The 890,000 New York City residents with disabilities use public transportation at about the same rate as non-disabled residents except when it comes to the subway. About 35 percent of New Yorkers with disabilities use the subway – 10 percent less than non-disabled residents, according to a report released in July by the Center for Independence of the Disabled in New York, a nonprofit organization founded in 1978. The report urges the MTA to improve the stations’ accessibility for the 185,000 visually impaired residents by repairing elevators and equipping the platforms with warning stripes.
By December 2014, a third of the city’s subway platforms were still not in an acceptable state of structural repair, in terms of safety, according to a report published this month by Citizens Budget Commission, a nonprofit organization that works to improve New York’s financial and social services. The report says that at the current rate of repair, some of the 469 stations will not be fixed until 2067.
Kirkland, who has no vision in his right eye and some central vision in his left eye, praised the new station’s lighting.

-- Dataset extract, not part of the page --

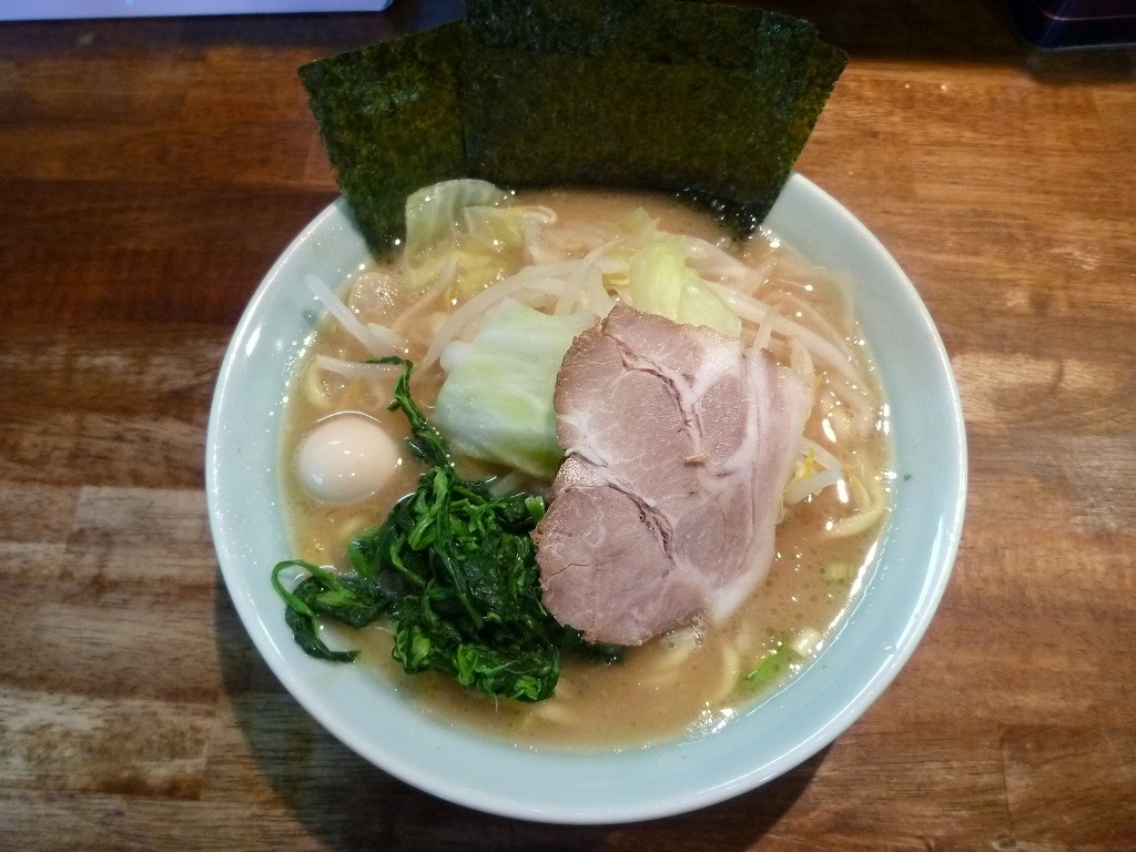 基本のラーメンに味玉と安さにつられてもやキャベなぞを。

“It is very bright. I can see the ground and the stairs when I walk on them. I can see train’s door when it opens. It makes me feel safer,” he said.
Inadequate lighting in stations is a common problem for several visually impaired people interviewed for this article. Only 40 percent of the stations Kirkland uses are well-lit, he said. Another shared complaint is the lack of announcements that include the letter of incoming trains. The stations for the C, E and M lines at West 23rd Street, which are a block away from Visions, a social service center for the visually impaired, do not have such announcements, for instance.
The MTA has not responded to repeated requests for comments.
Despite the station’s bright lighting, Kirkland had to strain his eyes to recognize the glass elevator shaft, especially when the cabin is not in it. The shaft, which MTA’s website calls ADA-compatible, encloses a few metal structures, but to Kirkland it looks too transparent from the side. He prefers the metal and concrete elevator shafts he finds in other stations.
About 19 percent of New York’s 469 stations are ADA-compatible, according to the MTA’s website. The company plans to make 100 stations ADA-compatible by 2020. But given the subway system’s age and configuration, it is “impossible or cost-prohibitive” to make each station accessible, MTA spokesman Kevin Ortiz said in a recent Huffington Post article.
Kirkland complained about announcements and warning stripes at an accessibility meeting with MTA officials last year, but said nothing has changed since then.
“People at the meeting told me the officials were looking at their phones or doing other things,” he said. “I don’t think they care.”